◆ How to complete this task ◆
From the line with "The match had" to the line with "Grafiti është nënshkruar", retype every line exactly, including those two, and leave out the rest of the data below.

[Stored entries]
+++++

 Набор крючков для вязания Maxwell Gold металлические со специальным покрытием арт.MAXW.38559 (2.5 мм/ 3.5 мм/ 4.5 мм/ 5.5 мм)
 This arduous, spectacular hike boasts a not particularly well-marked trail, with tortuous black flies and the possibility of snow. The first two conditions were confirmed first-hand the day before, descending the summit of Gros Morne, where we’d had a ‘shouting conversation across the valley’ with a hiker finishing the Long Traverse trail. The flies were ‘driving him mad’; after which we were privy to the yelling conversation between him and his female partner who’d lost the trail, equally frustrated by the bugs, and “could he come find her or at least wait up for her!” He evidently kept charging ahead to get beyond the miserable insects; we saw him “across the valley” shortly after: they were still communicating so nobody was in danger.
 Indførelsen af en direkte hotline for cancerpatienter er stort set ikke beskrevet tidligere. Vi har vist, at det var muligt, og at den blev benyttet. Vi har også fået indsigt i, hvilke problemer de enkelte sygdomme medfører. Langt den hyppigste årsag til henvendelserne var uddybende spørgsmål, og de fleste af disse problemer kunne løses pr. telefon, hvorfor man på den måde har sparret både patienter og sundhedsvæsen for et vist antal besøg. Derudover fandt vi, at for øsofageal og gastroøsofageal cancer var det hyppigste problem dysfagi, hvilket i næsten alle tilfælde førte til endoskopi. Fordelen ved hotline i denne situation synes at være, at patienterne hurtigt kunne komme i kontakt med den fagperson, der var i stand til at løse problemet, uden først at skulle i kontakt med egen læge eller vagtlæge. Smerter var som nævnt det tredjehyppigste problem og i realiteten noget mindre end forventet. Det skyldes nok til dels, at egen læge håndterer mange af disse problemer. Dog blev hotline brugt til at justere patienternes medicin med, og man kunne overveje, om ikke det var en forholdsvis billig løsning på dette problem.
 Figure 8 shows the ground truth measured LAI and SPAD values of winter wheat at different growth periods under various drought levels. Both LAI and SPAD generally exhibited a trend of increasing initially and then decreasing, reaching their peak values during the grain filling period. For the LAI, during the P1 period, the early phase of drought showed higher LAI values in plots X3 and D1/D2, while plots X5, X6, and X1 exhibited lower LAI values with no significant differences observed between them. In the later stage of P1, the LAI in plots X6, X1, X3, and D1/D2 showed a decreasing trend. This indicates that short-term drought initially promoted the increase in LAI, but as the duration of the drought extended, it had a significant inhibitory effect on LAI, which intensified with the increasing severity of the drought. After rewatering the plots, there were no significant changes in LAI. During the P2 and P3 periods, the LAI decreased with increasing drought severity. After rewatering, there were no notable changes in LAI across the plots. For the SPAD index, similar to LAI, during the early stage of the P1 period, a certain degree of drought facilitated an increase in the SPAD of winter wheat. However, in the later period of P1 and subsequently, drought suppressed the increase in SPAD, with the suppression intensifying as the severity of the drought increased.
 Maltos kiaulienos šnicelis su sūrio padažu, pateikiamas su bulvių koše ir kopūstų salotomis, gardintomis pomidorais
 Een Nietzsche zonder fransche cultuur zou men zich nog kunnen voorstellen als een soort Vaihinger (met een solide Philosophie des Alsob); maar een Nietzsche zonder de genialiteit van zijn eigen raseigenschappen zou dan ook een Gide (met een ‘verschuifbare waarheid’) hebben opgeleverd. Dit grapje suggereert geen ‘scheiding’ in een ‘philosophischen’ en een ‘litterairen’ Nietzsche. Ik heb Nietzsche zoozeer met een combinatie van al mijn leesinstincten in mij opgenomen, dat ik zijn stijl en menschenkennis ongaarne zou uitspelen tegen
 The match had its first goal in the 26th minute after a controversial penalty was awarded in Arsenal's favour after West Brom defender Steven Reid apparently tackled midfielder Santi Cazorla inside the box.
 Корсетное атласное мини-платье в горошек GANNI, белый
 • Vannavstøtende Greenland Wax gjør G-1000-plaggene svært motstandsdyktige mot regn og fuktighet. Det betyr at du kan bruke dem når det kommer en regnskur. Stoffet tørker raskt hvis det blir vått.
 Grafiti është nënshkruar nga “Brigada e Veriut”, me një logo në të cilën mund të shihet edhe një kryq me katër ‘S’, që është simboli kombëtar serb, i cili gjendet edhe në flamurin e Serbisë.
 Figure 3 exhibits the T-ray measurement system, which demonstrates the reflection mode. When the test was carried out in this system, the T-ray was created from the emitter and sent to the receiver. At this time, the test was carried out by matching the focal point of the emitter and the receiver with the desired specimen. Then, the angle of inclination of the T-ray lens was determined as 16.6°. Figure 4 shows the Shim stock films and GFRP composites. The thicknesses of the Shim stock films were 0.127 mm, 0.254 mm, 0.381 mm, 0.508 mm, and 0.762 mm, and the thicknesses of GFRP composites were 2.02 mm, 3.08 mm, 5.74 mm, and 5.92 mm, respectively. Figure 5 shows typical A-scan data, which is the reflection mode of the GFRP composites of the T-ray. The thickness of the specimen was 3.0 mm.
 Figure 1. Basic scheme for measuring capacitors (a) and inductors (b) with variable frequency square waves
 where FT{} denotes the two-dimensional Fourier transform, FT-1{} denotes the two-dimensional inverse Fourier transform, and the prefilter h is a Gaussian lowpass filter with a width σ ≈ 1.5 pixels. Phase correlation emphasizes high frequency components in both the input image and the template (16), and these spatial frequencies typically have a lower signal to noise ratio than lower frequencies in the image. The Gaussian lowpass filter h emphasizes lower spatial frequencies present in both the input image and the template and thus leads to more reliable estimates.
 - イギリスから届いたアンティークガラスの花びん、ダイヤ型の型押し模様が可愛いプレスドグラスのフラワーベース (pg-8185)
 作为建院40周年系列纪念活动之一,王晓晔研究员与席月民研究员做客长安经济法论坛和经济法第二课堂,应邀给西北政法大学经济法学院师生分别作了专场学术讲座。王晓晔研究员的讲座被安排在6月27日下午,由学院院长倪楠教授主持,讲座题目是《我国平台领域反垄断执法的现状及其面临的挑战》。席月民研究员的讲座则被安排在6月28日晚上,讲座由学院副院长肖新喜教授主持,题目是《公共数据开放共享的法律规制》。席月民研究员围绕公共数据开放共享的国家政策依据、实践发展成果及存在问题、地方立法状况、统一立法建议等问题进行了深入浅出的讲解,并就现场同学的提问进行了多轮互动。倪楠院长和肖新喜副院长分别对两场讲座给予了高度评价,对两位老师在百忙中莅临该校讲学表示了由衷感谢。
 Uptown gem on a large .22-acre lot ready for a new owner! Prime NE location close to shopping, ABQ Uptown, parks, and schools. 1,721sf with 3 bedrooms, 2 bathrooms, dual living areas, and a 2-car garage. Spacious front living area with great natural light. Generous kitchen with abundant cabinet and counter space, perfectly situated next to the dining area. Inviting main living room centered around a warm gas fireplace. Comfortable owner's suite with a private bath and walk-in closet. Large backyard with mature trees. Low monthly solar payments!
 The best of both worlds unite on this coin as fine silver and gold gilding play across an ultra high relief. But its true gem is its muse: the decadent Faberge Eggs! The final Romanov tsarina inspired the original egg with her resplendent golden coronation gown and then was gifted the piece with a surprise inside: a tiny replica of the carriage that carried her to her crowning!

+++++

◆ Written answer ◆
 The match had its first goal in the 26th minute after a controversial penalty was awarded in Arsenal's favour after West Brom defender Steven Reid apparently tackled midfielder Santi Cazorla inside the box.
 Корсетное атласное мини-платье в горошек GANNI, белый
 • Vannavstøtende Greenland Wax gjør G-1000-plaggene svært motstandsdyktige mot regn og fuktighet. Det betyr at du kan bruke dem når det kommer en regnskur. Stoffet tørker raskt hvis det blir vått.
 Grafiti është nënshkruar nga “Brigada e Veriut”, me një logo në të cilën mund të shihet edhe një kryq me katër ‘S’, që është simboli kombëtar serb, i cili gjendet edhe në flamurin e Serbisë.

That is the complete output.